Now, as most around here know, Saturday night is peak shopping and social time at the Fetch, Tennessee, Wal-Mart. The parking lot is packed all weekend. When that hole opened up, it took two and half cars with it, not to mention all the shopping buggies. Two cars all the way down, as in vanished, gone, nothing, leaving a single truck teetering on the edge just enough to be pulled to safety once the authorities had determined the hole wasn’t going to swallow up all the emergency crew. And yes, an entire buggy coral was missing as well, though folks in Fetch aren’t known for their buggy coral usage.
Sinkholes are bad around Fetch. This one was so deep, sunlight couldn’t hit the bottom, even at noon. It was a good thirty feet across at the widest. They figured it was caused by an underground river eroding limestone and soil until the overburden got too heavy and collapsed. That’s what usually happens.
The police cordoned off the area for a good three parking places all around with yellow crime scene tape and red cones and put out the word for everyone to steer clear until further notice. With all the yellow tape it looked like an early Halloween was on the way.
There’s a problem with sinkholes, though. They can keep getting bigger for a while. You can jump in and start fixing one way too soon and they’ll keep falling in. For months. For years. You should have seen them pulling the half-lost truck out. The owner tipped the tow truck driver an extra hundred for backing into the danger zone just to hook the winch cable to the truck’s bumper. He was announced as Wal-Mart hero for a day inside the store. Two days later, that spot he’d sprinted across was long gone. The hole was forty feet across now. This was dangerous stuff.
It’s not like the police would post an officer to keep the curious from getting too close. They figured people had sense enough to steer clear of certain death. Wouldn’t the yellow tape work good enough? But people still hung out at the very limit, standing on their toes getting a better look, taking pictures, holding children up, as if it was a pullover at Lookout Mountain or the Pinnacle. Look, kids! A dark mysterious death hole in the middle of town! Let’s not cross this caution tape whatever we do! Hey, let’s go get a Mountain Dew Icee at the Wal-Mart deli!
The Greer boy never let on as to who dared him to cross the line. It was probably one of the Simpson boys he ran with. They knew when no one else would take a chance on something dangerous, Bobby was the one to call out. Climb that sketchy tree, Bobby! Jump off that cliff at the lake, Bobby! Go get a close-up picture down that deadly sinkhole, Bobby! Put it on your Instagram!
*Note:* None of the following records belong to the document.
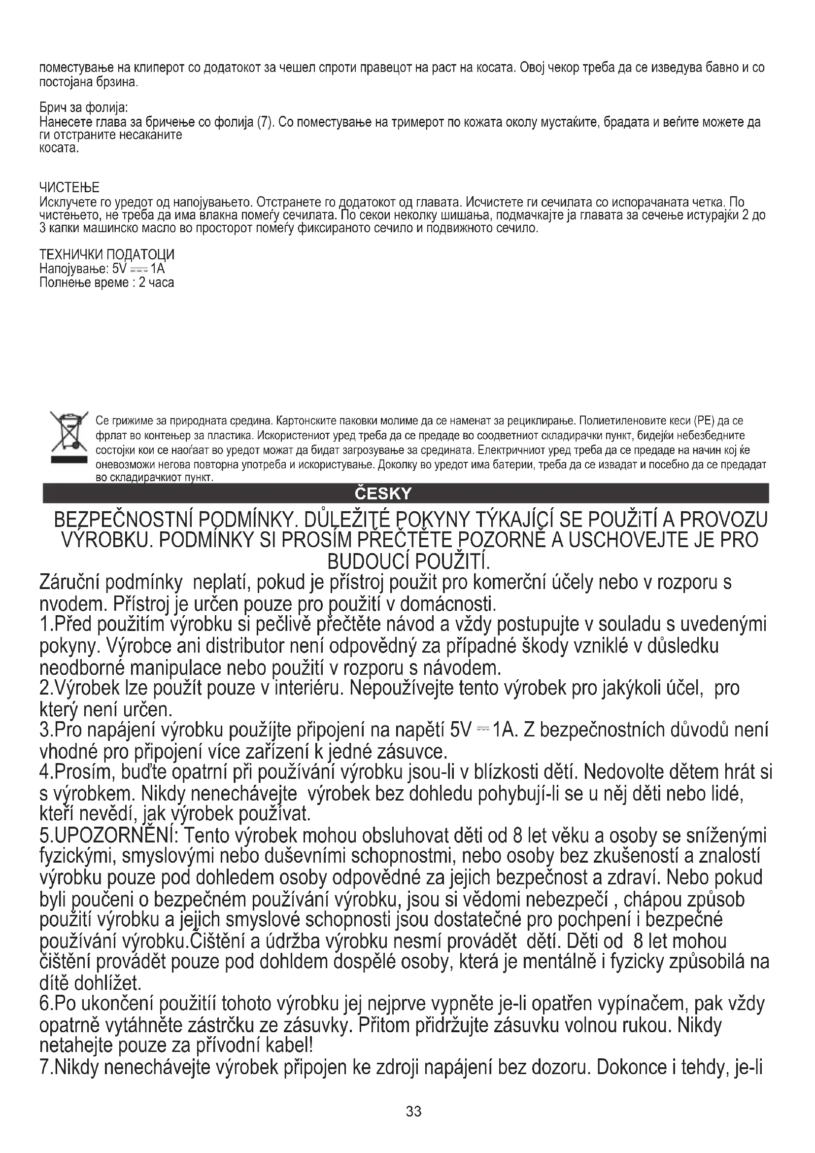 Odpojte zařízení od napájení. Odstraňte nástavec z hlavy. Očistěte čepele pomocí dodaného kartáčku. Po vyčištění by mezi čepelemi neměly být žádné vlasy. Po každých několika stříháních naolejujte stříhací hlavu a nalijte 2 až 3 kapky strojního oleje do prostoru mezi pevnou čepelí a pohyblivou čepelí. TECHNICKÁ DATA Napájení: 5V 1A Nabíjení čas : 2 hodiny Staráme se o životní prostředí. Papírové obaly odevzdávejte do sběrných surovin. Polyetylenová balení (PE) vhazujte do odpadkových košů na plasty. Použité zařízení odevzdávejte do sběrného dvoru, protože se v něm mohou nacházet části, které jsou pro životní prostředí škodlivé nebo nebezpečné. Elektrospotřebiče odevzdávejte v takové podobě, aby bylo znemožněno jejich další použití. Pokud se v zařízení nacházejí baterie, vyjměte je a odevzdejte zvlášť.36
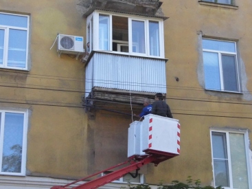 Аварийный балкон над гастрономом № 26 уже ремонтируют.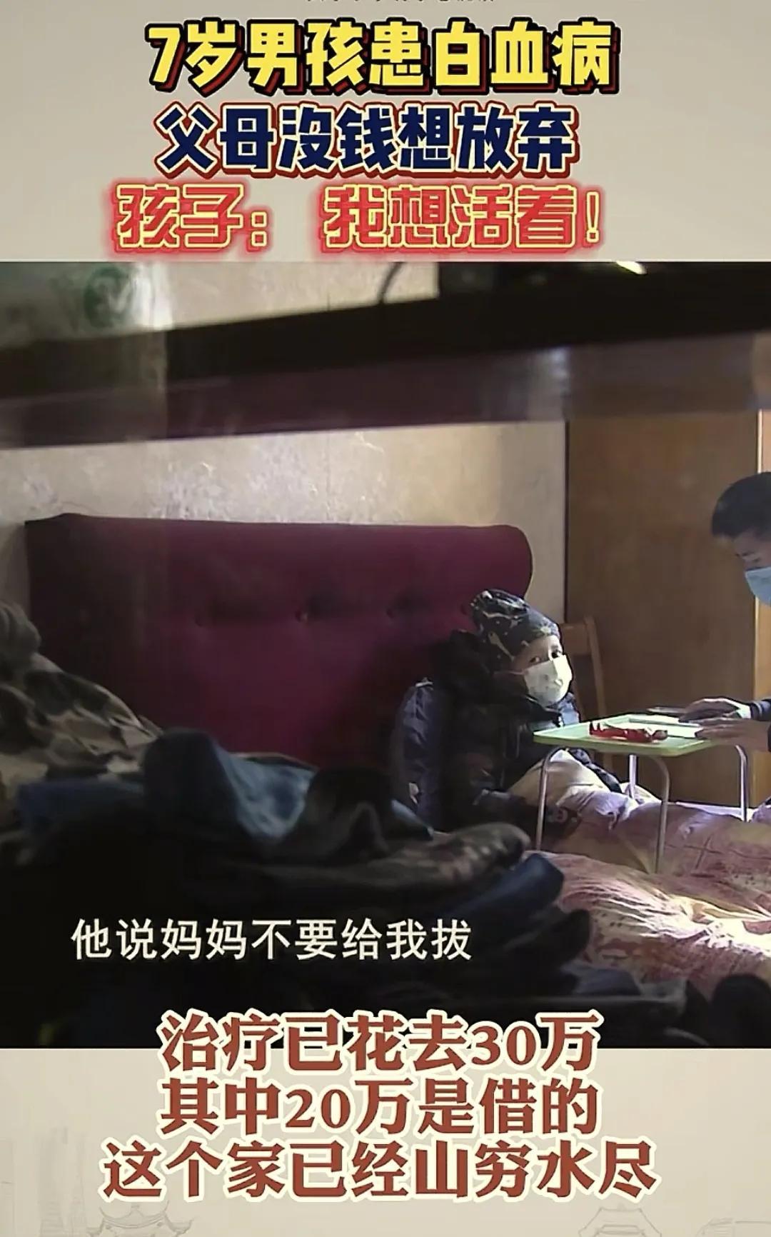 七歲的小遠家境貧寒,卻偏偏患上了急性白血病,前期治療花了30萬,其中20萬是借的,父母很崩潰,因爲沒有錢想要放棄了,打電話跟醫生說想把孩子身上的管拔了,因爲家裏面沒有錢了,不想被小孩聽到了,小孩哭着跟媽媽說:不要拔我的管子,我想活着……

They went out to the hole late on that Sunday night. Not a lot of traffic. No one hanging around the site. It was Bobby and the two Simpson brothers, Rodney and Cole. One of the brothers recorded Bobby. The footage shows Bobby standing at the yellow tape talking low, psyching himself up for the stunt, the parking lot lights just bright enough to show his face, then him ducking down and sneaking across the dark asphalt toward the hole. He slowed up short and got on all fours and crawled to the edge. He had his phone. The parking lot wasn’t bright enough to really show what was happening in detail. This was before the city set up portable lights all around once everything got weird. All anyone had from the stunt was what Bobby claimed to have experienced and what little he’d gotten on his phone, which, in the end, was plenty enough for the faithful.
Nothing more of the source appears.